Biography of Oskar Schindler’s Early Life

Oskar Schindler was born in Zwittau, Austria-Hungary, (now Moravia in the Czech Republic) on April 28, 1908. Johann Schindler, his father, owned a farm machine business. Franziska Schindler, his mother, helped raised Oskar and bore Elfriede, his sister, in 1915. He attended local primary and secondary schools before enrolling at a technical school. In 1924, the school expelled him for forging a report card. He eventually finished his courses, but neglected to take the Abitur exams he needed to qualify for university.

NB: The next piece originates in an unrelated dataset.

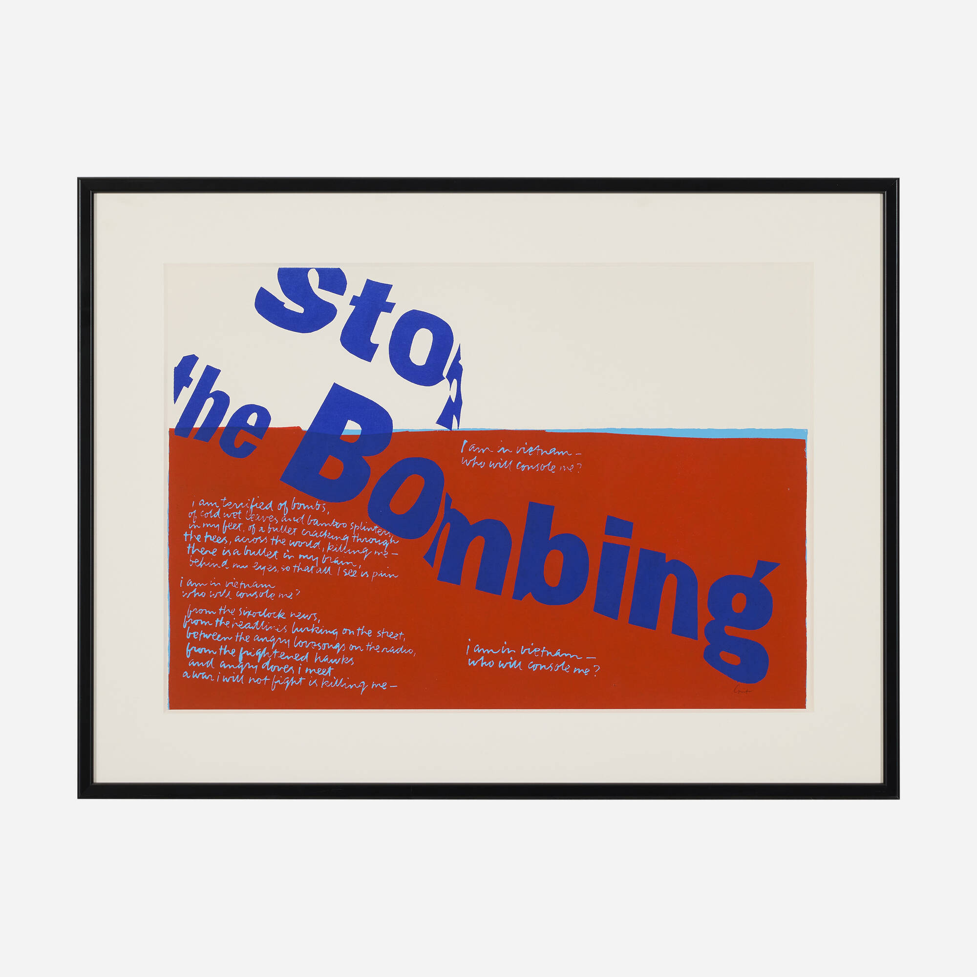 This powerful antiwar screenprint uses bold typography and vibrant color to advocate for peace and social justice. Created in 1967 at the height of the Vietnam War, the work directly addresses political concerns through art. The composition combines urgent messaging with the artist's characteristic colorful abstraction. The design is both visually striking and emotionally compelling. The piece exemplifies how the artist used her art as a vehicle for activism and moral conviction.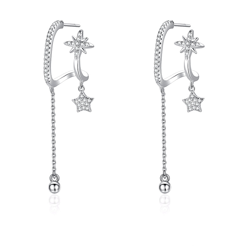 This fancy Zircon Star Tassel Double Layer C Shape Silver Drop Earrings for Women is sure to add a spark of sophistication and glamour to any ensemble. Crafted from sterling silver with a C-shape double layer design. this earrings feature beautiful Zircon stars with tassel accents for an eye-catching look.

Schindler took trade classes instead and worked at his father’s business for three years. [1] Schindler married Emilie Pelzl on March 6, 1928, and they lived in the upstairs section of Oskar Schindler’s family home for seven years.[2] He quit his job at his father’s company soon afterward and began working at Moravian Electrotechnic and managed a driving school for a brief time.

Oskar Schindler joined the Czech Army and served for 18 months, becoming a Lance-Corporal in the 10th Infantry Regiment. He then returned to work at Moravian. The business went bankrupt around the same time his father’s closed and Schindler remained unemployed for a year. In 1931, he started working at the Jaroslav Simek Bank of Prague until 1938.

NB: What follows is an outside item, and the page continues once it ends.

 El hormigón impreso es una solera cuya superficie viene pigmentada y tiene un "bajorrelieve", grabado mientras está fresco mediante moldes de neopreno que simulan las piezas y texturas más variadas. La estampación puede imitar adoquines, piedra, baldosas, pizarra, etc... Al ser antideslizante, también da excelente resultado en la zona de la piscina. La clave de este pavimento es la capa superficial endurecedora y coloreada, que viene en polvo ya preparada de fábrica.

In 1931 and 1932, Schindler was arrested for public drunkenness several times and began an affair with his friend from school, Aurelie Schlegel. He and Schlegel produced one daughter in 1933 named Emily and a son in 1935 named Oskar Jr., who Schindler claimed was not his. [3] The same year Oskar Schindler’s alcoholic father left his mother and she died only a few months later.[4]

An Abwehr Spy

Oskar Schindler started to work for the German Armed Forces’ Office of the Military Foreign Intelligence, or the Amt Auslands/Abwehr, in 1936.[5] They assigned him to the Abwehrstelle II Commando VIII in Wroclaw, or Breslau. He took the job to pay off his many debts from alcoholism. He gathered information on troop movements, military installations, and railways. He also recruited Czech spies to assist in the invasion of Sudetenland by Nazi Germany.

On July 19, 1938, Schindler was arrested and imprisoned for espionage, but the Nazi government released him a few months later under the Munich Agreement. He took a few months off after being released. In January 1939, the Nazis promoted him to second in command of his Abwehr unit. Schindler and his wife moved to Ostrava and he continued to collect information regarding Polish railways and military activity prior to the invasion of Poland. He worked with the Abwehr until autumn 1940.[6]

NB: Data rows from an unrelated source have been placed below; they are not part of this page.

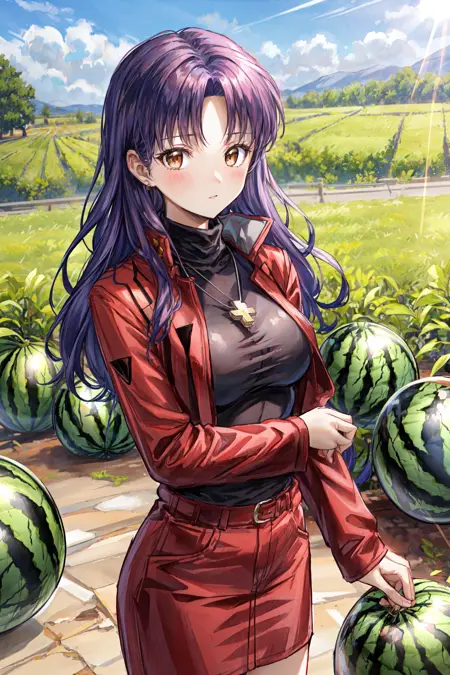 두 번째 유니폼: 검은 스웨터, 십자가 목걸이, 높은 칼라 드레스, 빨간 재킷, 연필 스커트, 빨간 스커트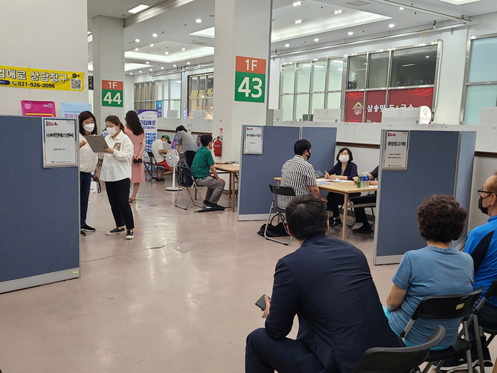 [사진설명] 고양 삼송테크노밸리에서 열린 찾아가는 일자리 박람회에서 구직자들이 현장면접에 참여하고 있다.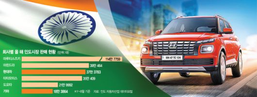 신형 베뉴는 최근 인도 시장에서 판매가 주춤한 현대차에 힘을 보탤 것으로 보인다. 현대차는 올 들어 8월까지 인도에서 37만 3783대를 판매해 지난해 같은 기간(40만 8299대)에 비해 판매 실적이 8.4% 감소했다. 기아가 같은 기간 인도에서 18만 대 넘게 판매해 이를 합치면 55만 대를 훌쩍 넘어 현지 브랜드인 타타모터스와 마힌드라를 크게 제치고 현대차그룹이 2위를 굳건히 지키고 있지만 현지 업체들의 추격전은 가열되는 양상이다.

A Change of Heart in Poland

In October 1938, Germany annexed Sudetenland. Five months later, in February 1939, Oskar Schindler officially joined the Nazi Party as an opportunistic businessman. In October, he relocated to Krakow, Poland, after the Nazis successfully invaded and took over the country. Then, in November 1939, Schindler purchased Rekord Limited, a Jewish-owned business manufacturing enamelware, and renamed it German Enamelware Factory Oskar Schindler, or Emalia.

Oskar Schindler did not intend to save Jews by employing them, but managed to save more almost 1,200 from certain death.

Schindler took advantage of the Nazi program to “Germanize” Jewish and Polish-owned businesses. He controlled two more factories in Krakow, but only Emalia utilized Jewish forced laborers. In 1944, about 1,000 of his 1,700 employees at Emalia were Jews who formally lived in the Krakow ghetto before it's closing in March 1943 and their subsequent relocation to the Krakau-Plaszow labor camp.[7]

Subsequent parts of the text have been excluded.